This decline followed Monday’s retreat from multi-year highs, as investors shifted their focus toward the risk of slower economic growth resulting from ongoing energy shocks.

Germany’s 10-year yield fell -2.9 bps to 3.006%. Over March, the yield climbed +35.0 bps, marking the largest monthly gain since late 2022. Notably, it reached its highest level since 2011 at 3.130% last Friday.
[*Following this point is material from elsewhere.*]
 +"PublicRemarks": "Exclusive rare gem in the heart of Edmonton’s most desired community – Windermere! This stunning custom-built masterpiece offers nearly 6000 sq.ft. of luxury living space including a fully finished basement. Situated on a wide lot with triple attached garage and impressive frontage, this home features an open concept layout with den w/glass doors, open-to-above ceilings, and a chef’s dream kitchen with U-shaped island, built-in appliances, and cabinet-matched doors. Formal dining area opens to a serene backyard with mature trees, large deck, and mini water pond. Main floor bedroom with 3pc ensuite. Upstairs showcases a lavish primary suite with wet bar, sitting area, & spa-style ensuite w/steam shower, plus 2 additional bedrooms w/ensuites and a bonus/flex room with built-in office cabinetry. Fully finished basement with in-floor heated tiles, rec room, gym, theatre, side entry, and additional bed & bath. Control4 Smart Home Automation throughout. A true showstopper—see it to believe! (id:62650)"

The yield on Germany’s two-year Schatz, closely linked to ECB interest rate expectations, edged up +0.1 bps to 2.623%. It rose +60.7 bps in March, its largest monthly increase since mid-2022. On the long end of the curve, the 30-year yield declined -4.6 bps on Tuesday but recorded a +13.6 bps rise for the month.
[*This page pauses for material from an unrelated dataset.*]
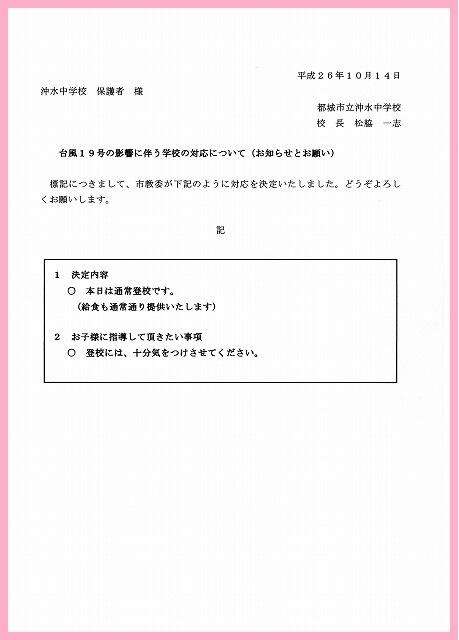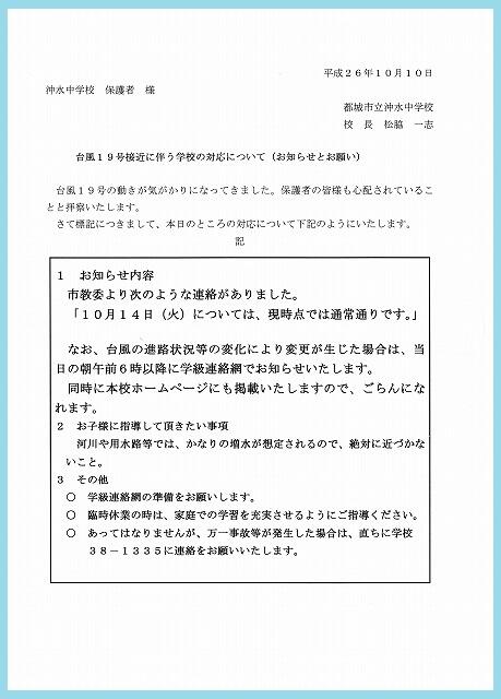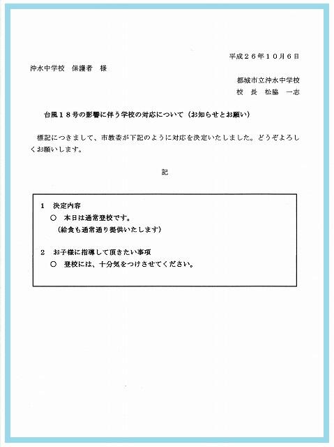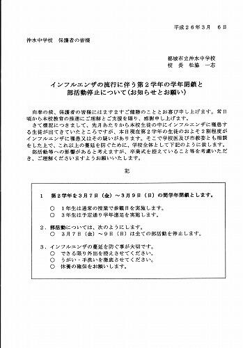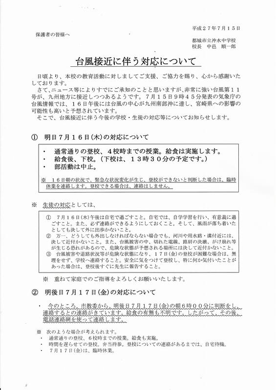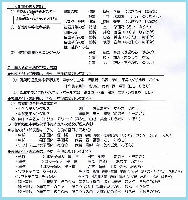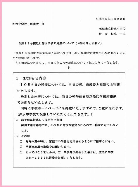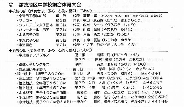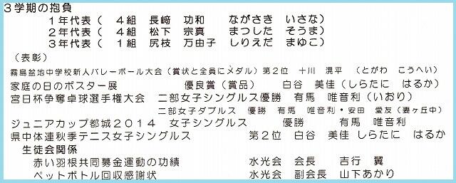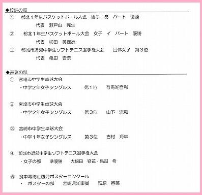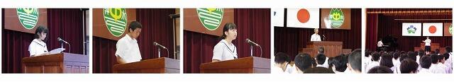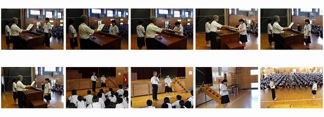 本校では毎朝、正門と東門で「あいさつ運動」を行っています。生徒会の生徒を中心に行っていますが、元気のよいあいさつに、すがすがしい気持ちになります。実は、あいさつ運動は参加する側も気持ち良くなります。保護者の皆様や地域の皆様の参加もお待ちしています。(毎朝 7:30~7:50です。) |

Italian 10-year BTP yields declined -7.1 bps on Tuesday, but recorded a rise of +56.2 bps in March. The spread over Bunds stood at 90.6 bps on Tuesday, after widening by 21.2 bps throughout March.

On Tuesday, traders priced in 69.2 bps of ECB rate hikes for the year and implied a 50.0% probability that interest rates would remain at 2.00% at the upcoming ECB meeting scheduled for 29 April.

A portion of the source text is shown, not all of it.